Biopharmaceutical company Incyte (Nasdaq:INCY) disclosed on Thursday that the US Food and Drug Administration (FDA) has accepted for priority review its Biologics License Application (BLA) for retifanlimab.

An intravenous PD-1 inhibitor, retifanlimab is being reviewed as a potential treatment for adult patients with locally advanced or metastatic squamous cell carcinoma of the anal canal (SCAC) who have progressed on, or who are intolerant of, platinum-based chemotherapy.

SCAC is associated with human papillomavirus (HPV) and HIV infections and accounts for almost 3% of digestive system cancers.

Patients with metastatic SCAC have a poor five-year survival, and there are no FDA-approved treatments for patients who have progressed after first-line chemotherapy.

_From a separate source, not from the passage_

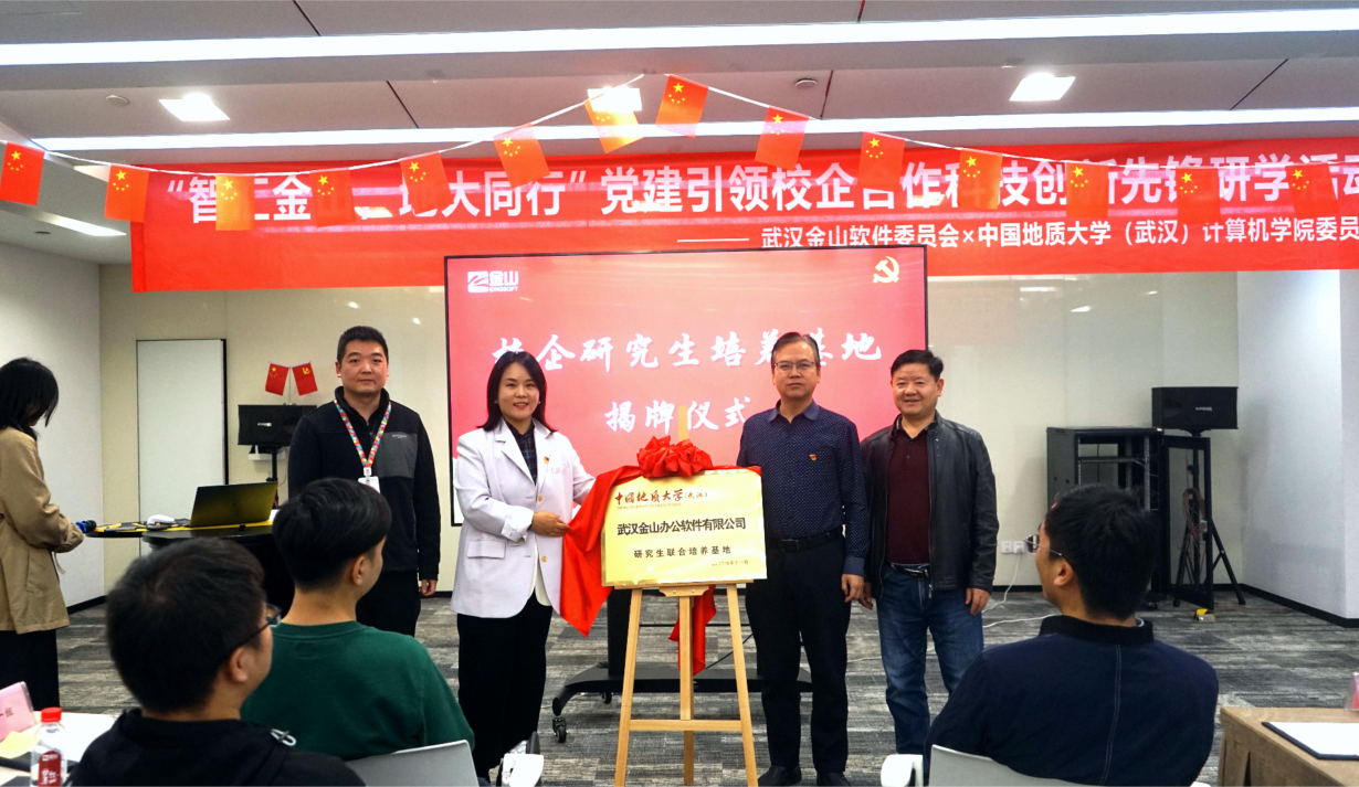 活动最后,举行中国地质大学十大买球官方网站金山办公研究生联合培养基地揭牌仪式,标志着双方在人才培养和党建交流方面的合作迈上了新台阶。武汉金山办公招聘总监陈志增在发言中回顾了金山发展历程的曲折与艰难,从二十世纪80年代金山创建,经历了几代金山人才走到今天。金山没有放弃科技报国的梦想,坚持扛起了民族软件的大旗,让中国有了自己的自主可控、信息安全的办公软件。希望未来能够进一步加深合作,在未来有更多的地大学子加入到金山集团。
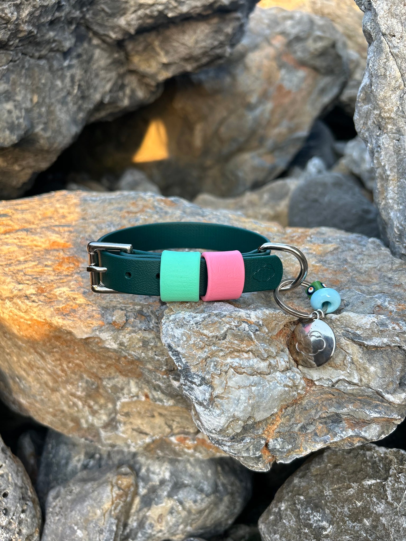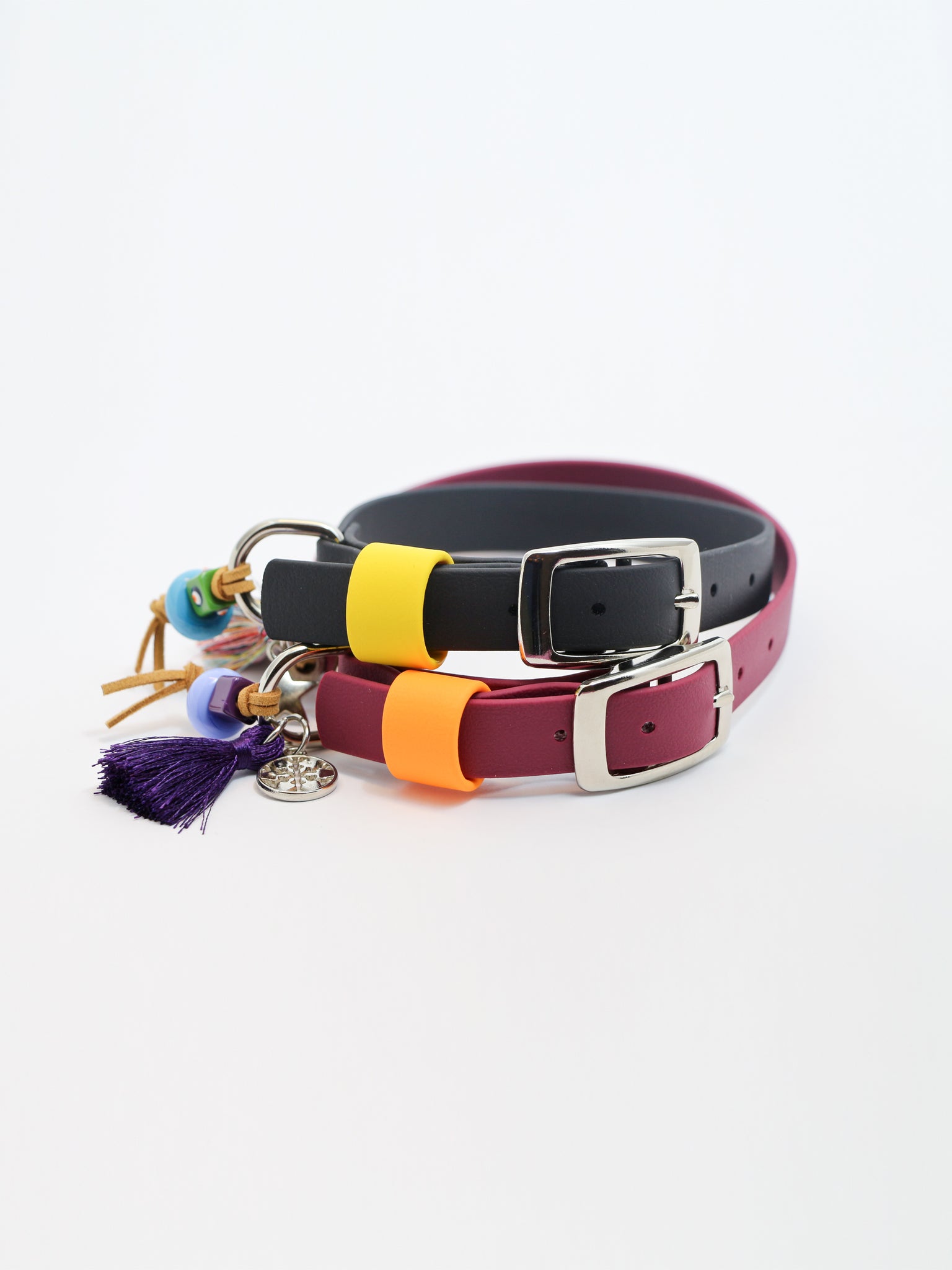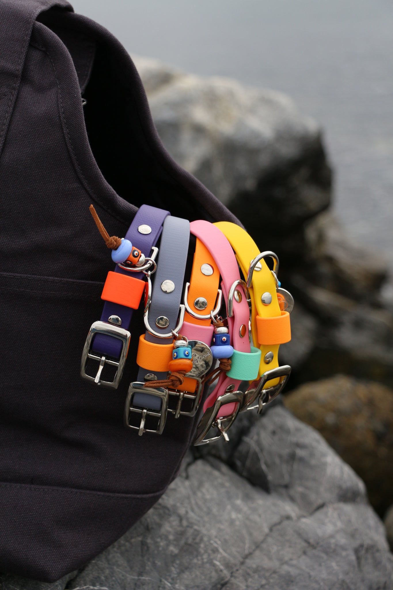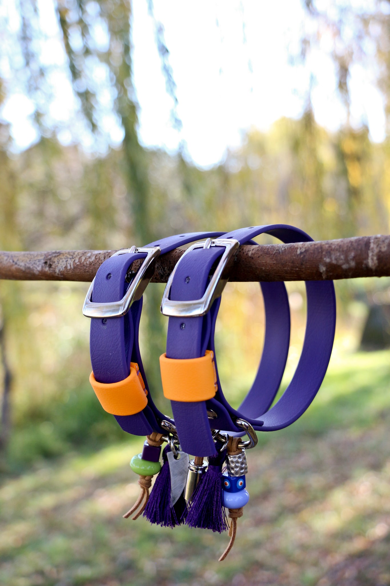 Biothane does not contain any animal substances. It looks very similar to leather in terms of look and feel. It has a nice grip and remains flexible even in extreme temperatures. It does not fade even when exposed to sunlight. It does not absorb moisture when exposed to water. It is easy to clean.

The Prescription Drug User Fee Act (PDUFA) target action date is 25 July 2021.

Incyte's BLA submission is based on data from the company's Phase 2 POD1UM-202 trial evaluating retifanlimab in previously treated patients with locally advanced or metastatic SCAC who have progressed on, or are intolerant of, standard platinum-based chemotherapy. The trial enrolled 94 patients and resulted in an objective response rate (ORR) of 14% for retifanlimab monotherapy. Retifanlimab 500 mg is administered intravenously every four weeks.